一人の夜
夜。
仕事を終えた夫が玄関の扉を開ける。
「ただいま」
すぐに足音。
「お帰りなさいませ、旦那様」
佐川が出迎える。
夫はネクタイを少し緩めながら言う。
「まだ起きてたのか」
「はい」
佐川が言う。
「軽食をご用意しております。温めればすぐ召し上がれます」
夫は靴を脱ぎながら言う。
「悪いな」
「いえ」
夫が続ける。
「もう遅い。

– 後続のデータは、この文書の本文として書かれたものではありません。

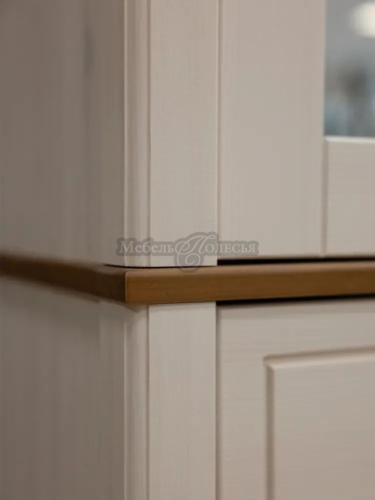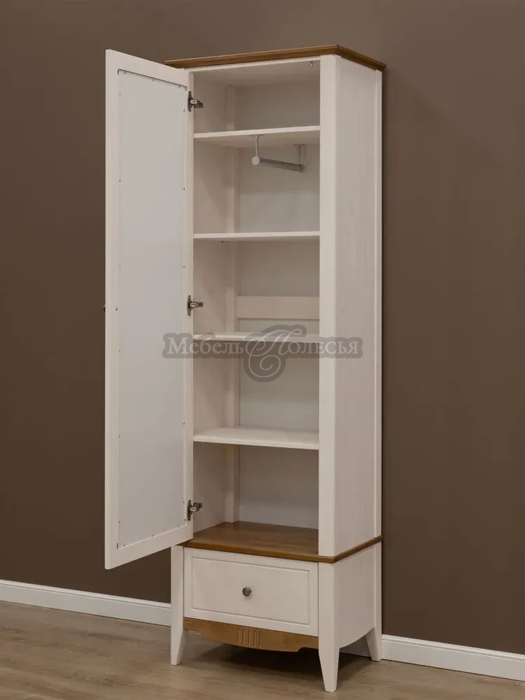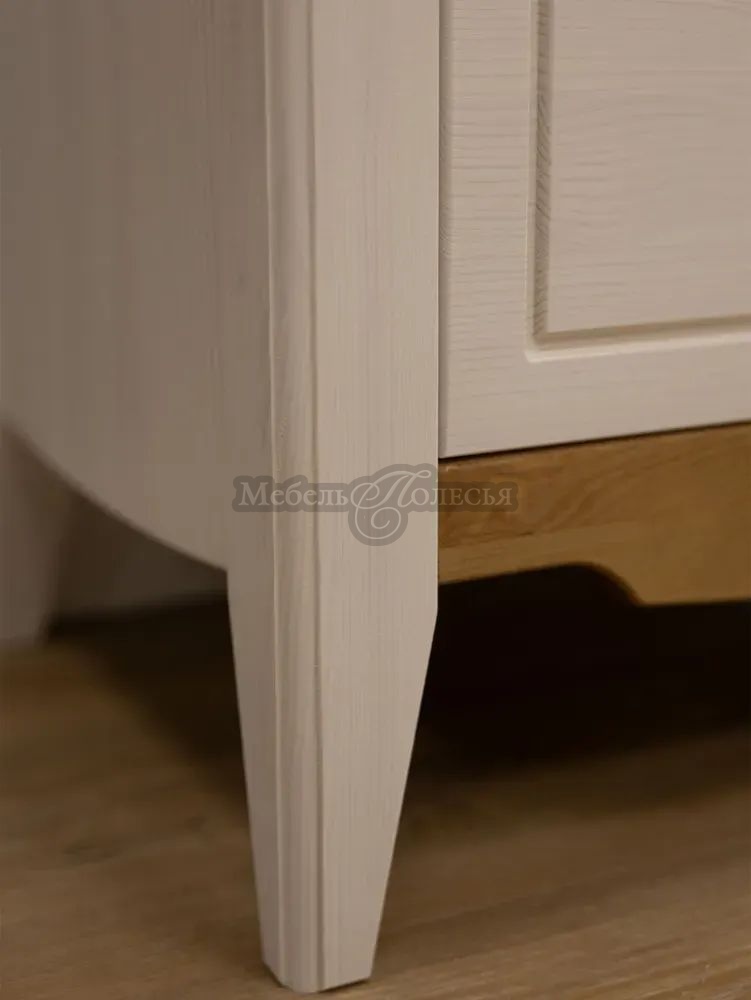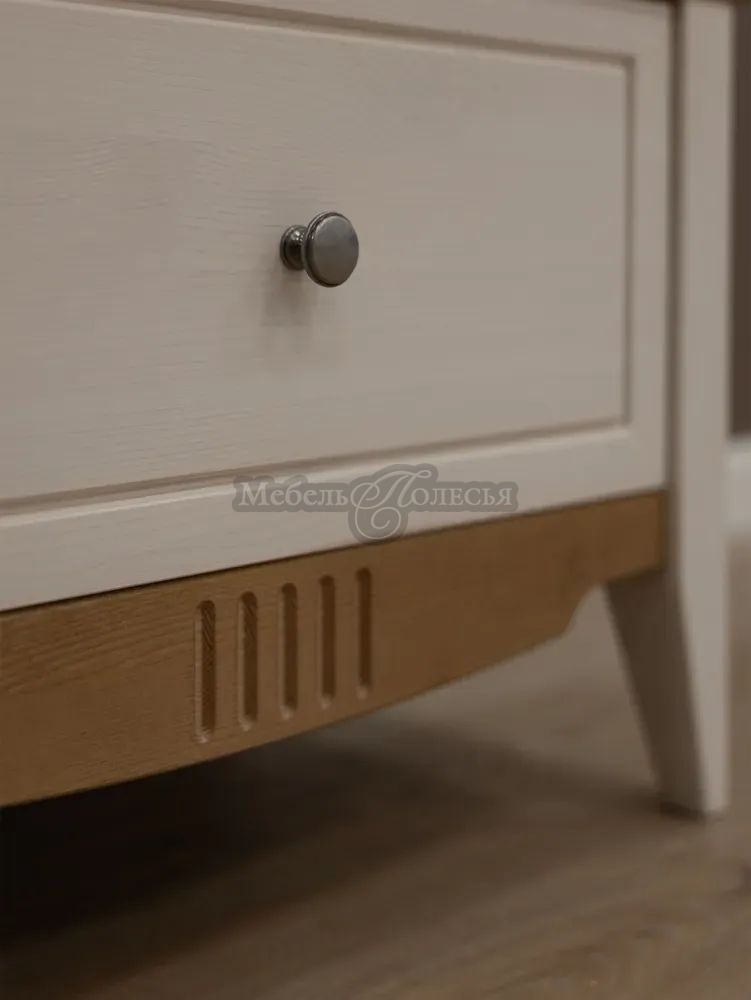Корпус и фасады шкафа изготовлены из массива сосны, дно ящика из оргалита. Корпус и фасады окрашены в белый цвет, а карниз, перекрытие над ящиком и нижняя планка – в цвет антик. Эта же модель доступна в других отделках: «серый/антик» и «черный/антик». Через покрытие антик можно рассмотреть природную текстуру сосны. Фасады шкафа, нижняя планка и ножки декорированы фрезеровкой, в неброском дизайне отлично смотрятся металлические ручки-кнопки с эффектом старения. Стенки ящика окрашены в цвет корпуса и фасадов. Для отделки используются красители шведской компании Becker Acromа. Лаки сертифицированы по европейским стандартам качества, они стойкие, не пахнут и безопасны для аллергиков.

後は自分でやる」
佐川が少し躊躇する。
「ですが——」
夫が軽く手を振る。
「いい、寝ろ」
佐川が静かに頭を下げる。
「……かしこまりました」
「おやすみなさいませ」
「ああ、おやすみ」
佐川が下がる。
リビングに静かな夜が戻る。
夫はキッチンで軽く温め、皿をテーブルに運ぶ。
一人の食事。
静かな音。
フォークが皿に触れる音だけ。
少し食べて、ふと手が止まる。
「……」
視線の先。
棚の上の写真。
妻の写真。
夫はそれを見ながら小さく息を吐く。
「……結」
小さく呟く。
修学旅行でいない家は、やはり静かだった。
「あと数年か」
結は今、中三。
高校。
大学。
その先。
「……家を出るだろうな」
自然なことだ。
成長すれば。
自分の人生を歩く。
それは喜ばしいことだ。
わかっている。
けれど。
夫は椅子にもたれる。
「その頃には」
静かに言う。
「佐川も出るだろう」
相馬と。
きっとそうなる。
それが一番自然だ。
夫は苦笑する。
「……そうなると」
広いリビングを見る。
「俺、一人か」
仕事はある。
会社もある。
忙しさもある。
それでも。
夜。
家に帰れば。
「……一人だな」
妻の写真を見る。
十年前と同じ笑顔。
「耐えられるか」
独り言のように言う。
「俺」
十年前。
一人になった夜を思い出す。
あの時の絶望。
胸の奥が少しだけ痛む。
夫は少し考える。
そして、ぽつりと呟く。
「……猫でも」
写真を見ながら言う。
「飼うかな」
小さく笑う。
「お前、猫好きだったよな」
静かな夜。
夫の独り言だけが、リビングに溶けていった。